(AVAILABLE DATA Opens)

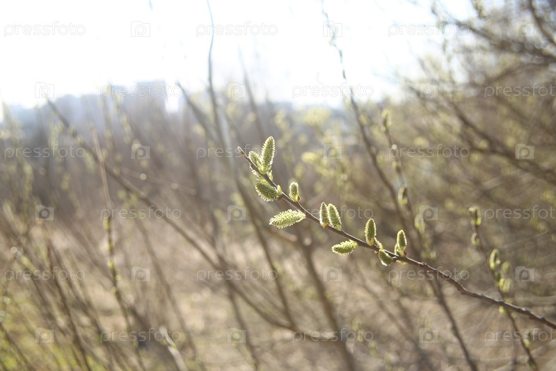 Зеленое растение на ветке в весенней атмосфере крупным планом
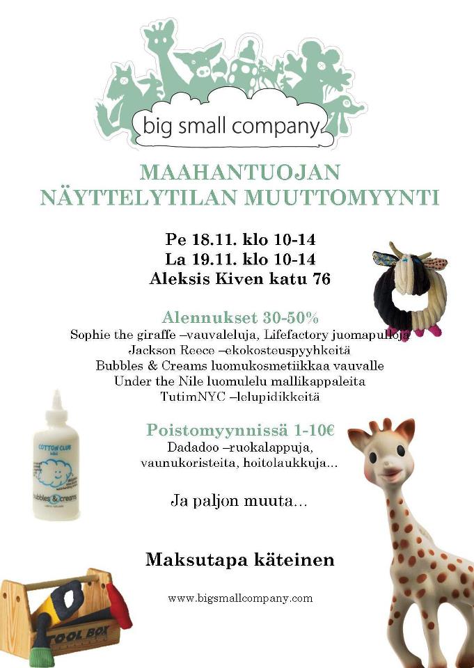20.10.11Hoksasin facebookissa tällaisen ilmoituksen, mikä saattaa kiinnostaa useitakin. Nyt olisi nimittäin Sofia kirahvia kamuineen muuttomyynnissä. Mukana myös tosi hyvät Jackson Reese ekokosteuspyyhkeet ja Bubbles&Creamsin luomukosmetiikkaa. En haluaisi sanoa tätä vielä, mutta kyllähän se joulu lähestyy.
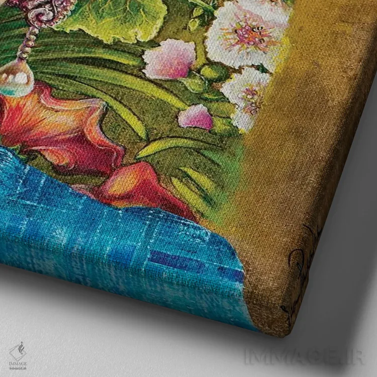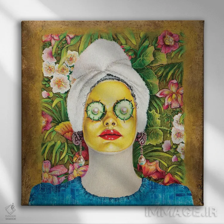 تابلو دکوراتیو دختری با ماسک طلایی صورت اثر لیوا پاکالنه فانلی - نمای نزدیک بافت بوم
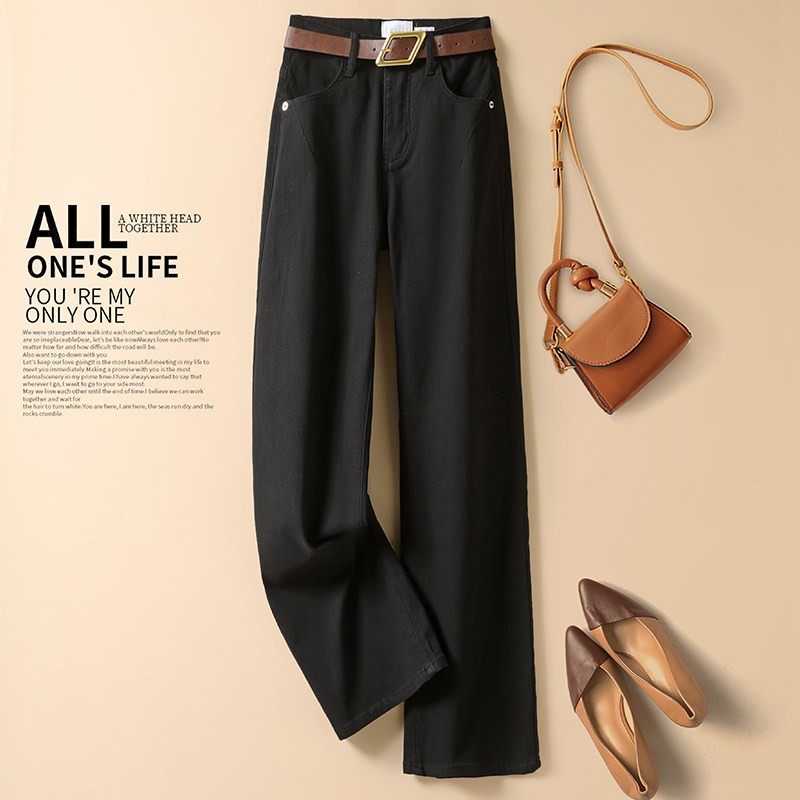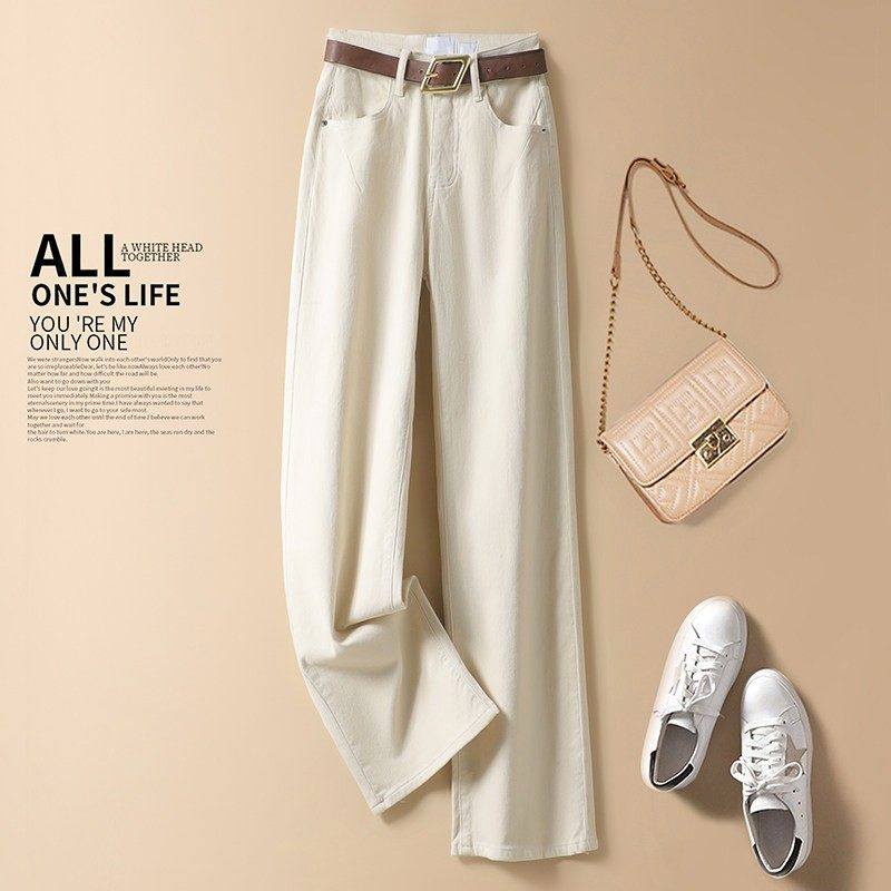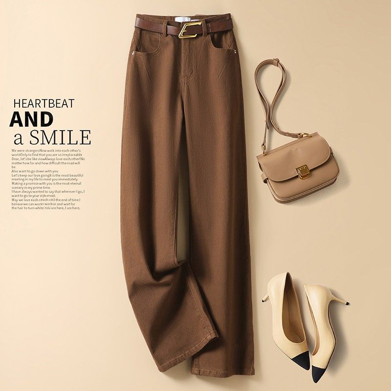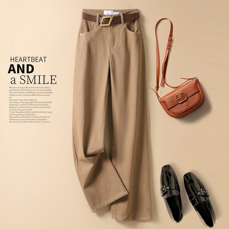 卡其色牛仔裤女2025春秋新款高腰裤子女春季窄版直筒休闲裤阔腿裤
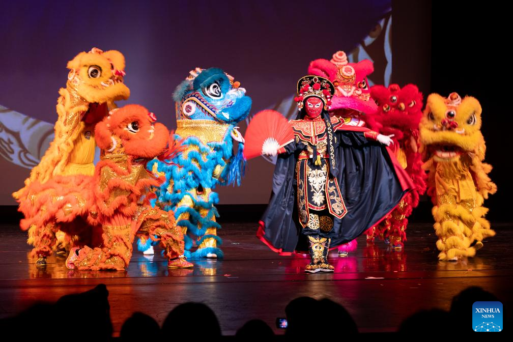 HOUSTON, 27 enero, 2025 (Xinhua) -- Imagen del 26 de enero de 2025 de artistas realizando una presentación del cambio de rostro de la ópera de Sichuan y la danza del león durante la Gala de la Fiesta de la Primavera del Gran Houston, en Houston, Texas, Estados Unidos. Bajo el lema "Bailando hacia el Año de la Serpiente", la Gala de la Fiesta de la Primavera del Gran Houston se celebró el domingo por la noche en la cuarta ciudad más grande de Estados Unidos. (Xinhua/Chen Chen)

(AVAILABLE DATA Closes)

Without any pictures, retype the records above exactly.

§ **SOLUTION TO THIS TASK**:
 Зеленое растение на ветке в весенней атмосфере крупным планом
20.10.11Hoksasin facebookissa tällaisen ilmoituksen, mikä saattaa kiinnostaa useitakin. Nyt olisi nimittäin Sofia kirahvia kamuineen muuttomyynnissä. Mukana myös tosi hyvät Jackson Reese ekokosteuspyyhkeet ja Bubbles&Creamsin luomukosmetiikkaa. En haluaisi sanoa tätä vielä, mutta kyllähän se joulu lähestyy.
 تابلو دکوراتیو دختری با ماسک طلایی صورت اثر لیوا پاکالنه فانلی - نمای نزدیک بافت بوم
 卡其色牛仔裤女2025春秋新款高腰裤子女春季窄版直筒休闲裤阔腿裤
 HOUSTON, 27 enero, 2025 (Xinhua) -- Imagen del 26 de enero de 2025 de artistas realizando una presentación del cambio de rostro de la ópera de Sichuan y la danza del león durante la Gala de la Fiesta de la Primavera del Gran Houston, en Houston, Texas, Estados Unidos. Bajo el lema "Bailando hacia el Año de la Serpiente", la Gala de la Fiesta de la Primavera del Gran Houston se celebró el domingo por la noche en la cuarta ciudad más grande de Estados Unidos. (Xinhua/Chen Chen)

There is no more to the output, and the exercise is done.